Выписавшись оттуда через неделю, Гумилев посещает одно из собраний ненадолго возрожденного Цеха, наносит визит Сологубу, знакомится с молодым режиссером Сергеем Радловым и его женой — начинающей поэтессой… В общем, ведет литературно-светскую жизнь, не торопясь вернуться в Окуловку. Живет он не у себя в Царском, а в Петербурге — сперва у Лозинского, а потом — в меблированных комнатах «Ира» (Николаевская улица, дом 2). С Ахматовой, живущей у Срезневских, он встречается лишь эпизодически.
|
Гумилев не случайно задержался в столице. Как раз в это время решалась его судьба. Каким-то образом ему удается попасть в Русский корпус, направляющийся в Салоники, в Грецию. Е. Е. Степанов указывает, что в этом ему оказал содействие М. Струве, «служивший при штабе». Согласно же Лукницкой, Струве помог Гумилеву в другом: Гумилев получил место военного корреспондента газеты «Русская воля», с довольно большим (800 франков в месяц) окладом[131]. Но «Русская воля» была органом с довольно сомнительной репутацией, созданным по инициативе А. Л. Протопопова, последнего царского министра внутренних дел (который считался реакционером и авантюристом), и финансировавшимся одиозными банковскими кругами. Литературный отдел «Русской воли» возглавлял Леонид Андреев, предлагавший сотрудничество в газете всем известным писателям, вне зависимости от политических и эстетических взглядов, и обещавший большие гонорары и полную свободу высказывания. Однако «гранды» (в том числе Блок) сотрудничать в «протопоповской» газете отказались. Едва ли аналогичное предложение Гумилеву могло быть сделано через племянника Струве — одного из вождей либерального истеблишмента. В любом случае на практике сотрудничество не состоялось: и из-за революции газета вскоре закрылась, да и до фронта Гумилев не доехал.
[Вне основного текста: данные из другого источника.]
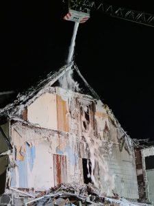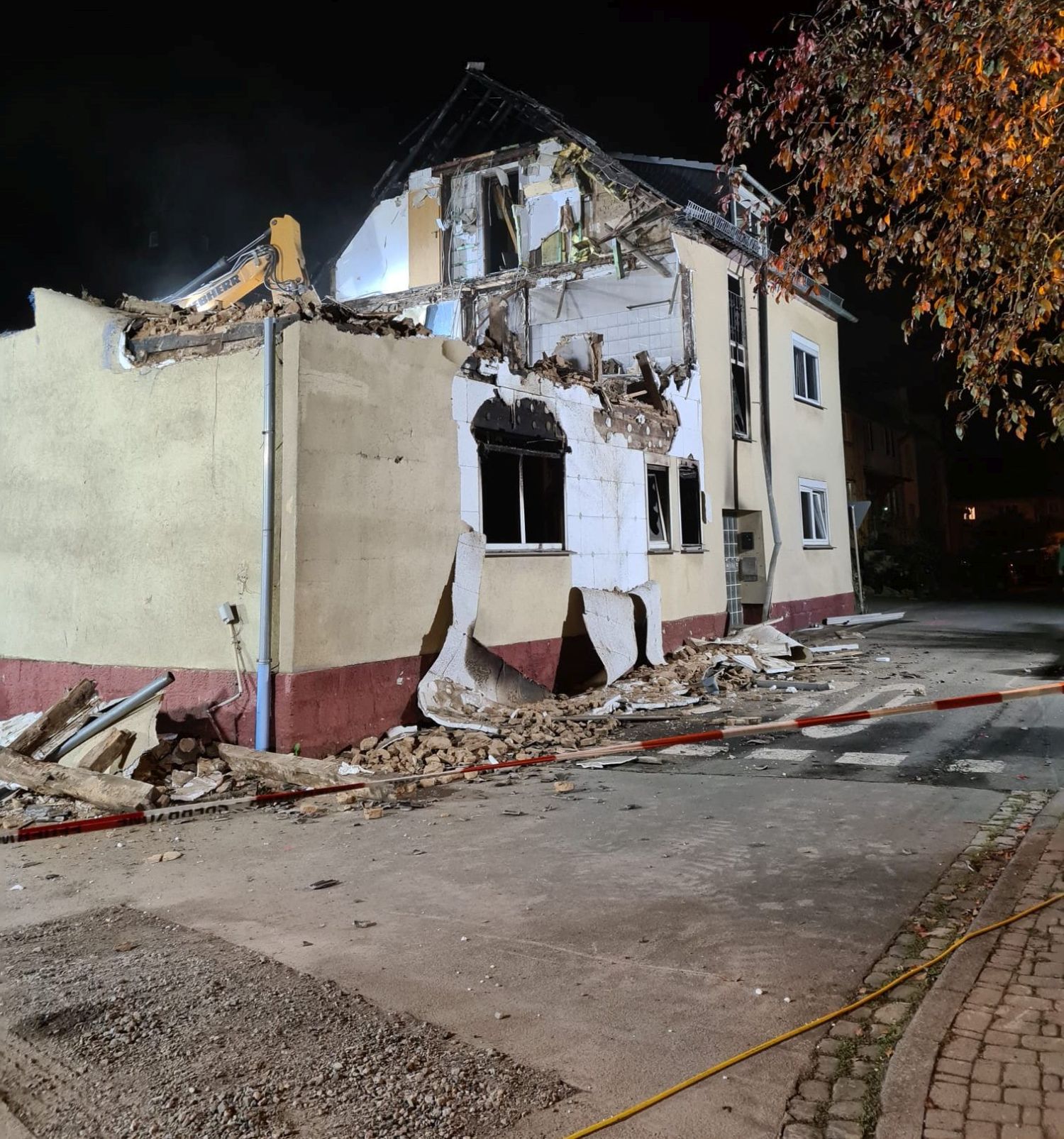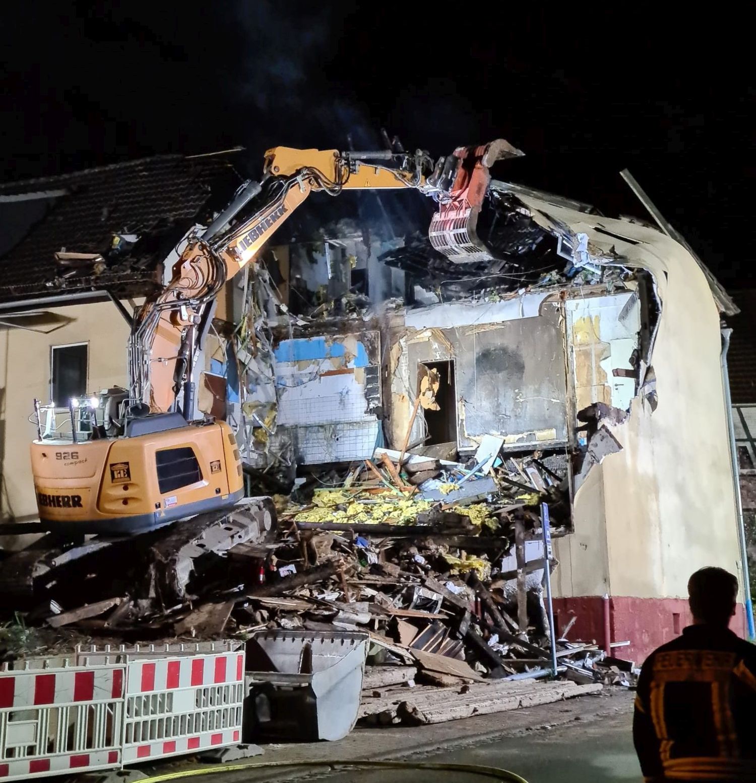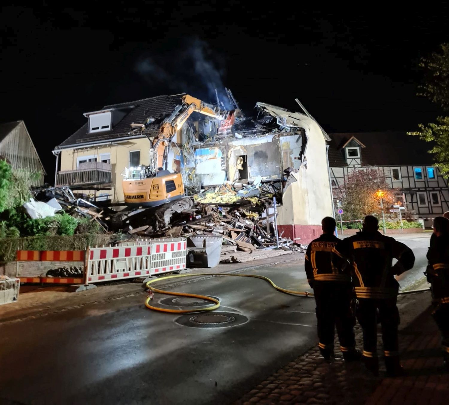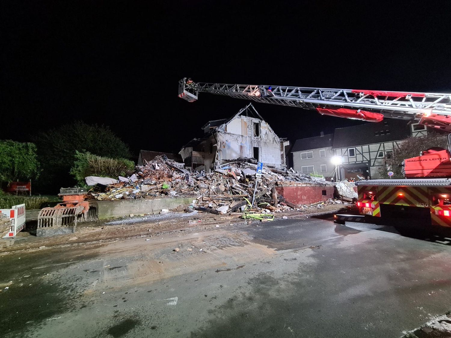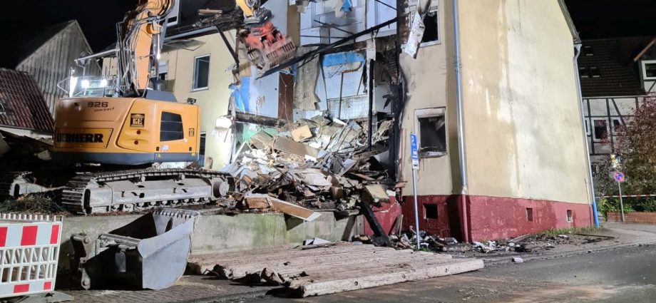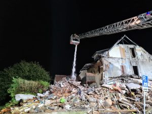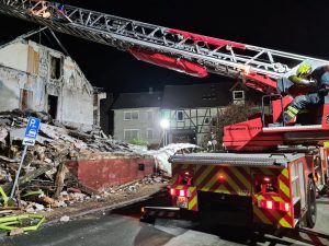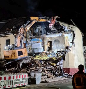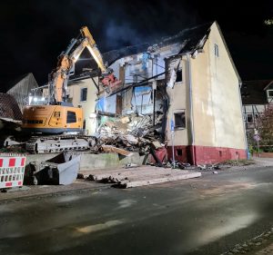 Ahnatal – Nachdem am Montagabend gegen 23:45 Uhr zum Brand eines Mehrfamilienhauses im Ahnataler Ortsteil Heckershausen gekommen war (- Wir berichteten -), haben Brandermittler ihre Ermittlungen vor Ort aufgenommen. Wie sie berichten, ist das Haus in der Straße „Am Rain“ durch das Feuer vollständig zerstört worden. Aufgrund des hohen Zerstörungsgrades lässt sich nicht mehr abschließend klären, wie das Feuer in der Erdgeschosswohnung des Hauses entstanden war. Hinweise auf eine vorsätzliche Brandstiftung liegen den Ermittlern jedoch derzeit nicht vor. Bei dem Brand des Hauses waren insgesamt vier Bewohner verletzt worden. Ein 43-Jähriger musste mit Brandverletzungen, die nicht lebensgefährlich sind, in ein Krankenhaus gebracht und dort stationär aufgenommen werden. Die drei weiteren Verletzten konnten nach ambulanten Behandlungen vor Ort oder im Krankenhaus letztlich wieder entlassen werden. Der Sachschaden beläuft sich nach ersten vorsichtigen Schätzungen auf rund 300.000 Euro. Das Haus wurde in der Nacht auf Mittwoch zum größten Teil abgerissen, um an die letzten Glutnester ran zu kommen. Gegen 22.30 übernahm eine Abrissfirma die Brandstelle. Das THW aus Kassel leuchtete die Einsatzstelle aus. Die Drehleiter aus Vellmar und der Katastrophenschutz-Zug aus Wolfhagen übernahmen den Brandschutz bis in die frühen Morgenstunden.
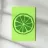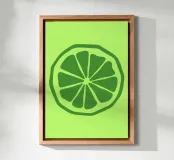 Una fetta di lime verde stilizzata, dalle linee decise e pulite, spicca su uno sfondo verde più chiaro. Il design semplice enfatizza gli spicchi e la scorza del lime.
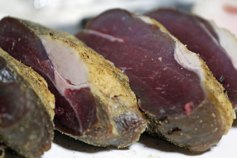 今回は、塩蔵熟成を一ヶ月、その後塩抜きして軽く塩コショウして風乾し、

Вопрос об отправке русских войск на другие фронты обсуждался с самого начала войны; считалось, что у России — избыток «человеческого ресурса» при недостатке вооружения. Но долгое время дело не двигалось с места, потому что российская сторона была не против послать свои дивизии куда-нибудь в стратегически интересные для себя места (скажем, в Болгарию или к Дарданеллам), где западные союзники меньше всего хотели бы их видеть. Но к концу 1915 года переговоры активизировались: в Россию прибыла делегация во главе с Полем Думером, впоследствии ставшим президентом (и павшим от руки русского эмигранта). За «живую силу» предлагали винтовки и боеприпасы. Русские генералы были, по крайней мере на словах, шокированы этим «торгом бездушных предметов на живых людей», но, чтобы не портить отношения с союзниками, Николай II решил снарядить и отправить во Францию одну Особую бригаду. Укомплектована она была в основном из запасных солдат, не бывших в бою; при отборе главное внимание обращалось на вероисповедание (исключительно православное), здоровье и внешность (один полк был укомплектован исключительно статными шатенами, другой — статными блондинами). Другими словами, бригада предназначалась скорее для представительских, а не военных целей. Когда в апреле она (через Китай, Индийский океан, Порт-Саид и Марсель) после трехмесячного пути добралась до Франции, долгое время ее служба сводилась почти исключительно к участию в многочисленных парадах. Однако в конце июня русских солдат наконец отправили в окопы. Позднее 1-я Особая бригада участвовала в битве при Сомме и до поры до времени сражалась если не лучше, то и не хуже других частей французской армии. Но закончилась ее служба бесславно: об этом мы расскажем чуть ниже.
Тем временем положение войск Антанты на Балканах складывалось так тревожно, что Россию стали уже упрашивать направить туда (под Салоники) свои войска. Французы и англичане надеялись, что прибытие частей из братской православной страны побудит Румынию вступить в войну, а Болгарию — разорвать союз с Германией. Для этого была сформирована вторая бригада, которая 3 июля отправилась во Францию (на сей раз западным, более коротким, путем), а оттуда, из Марселя, — на Балканский полуостров.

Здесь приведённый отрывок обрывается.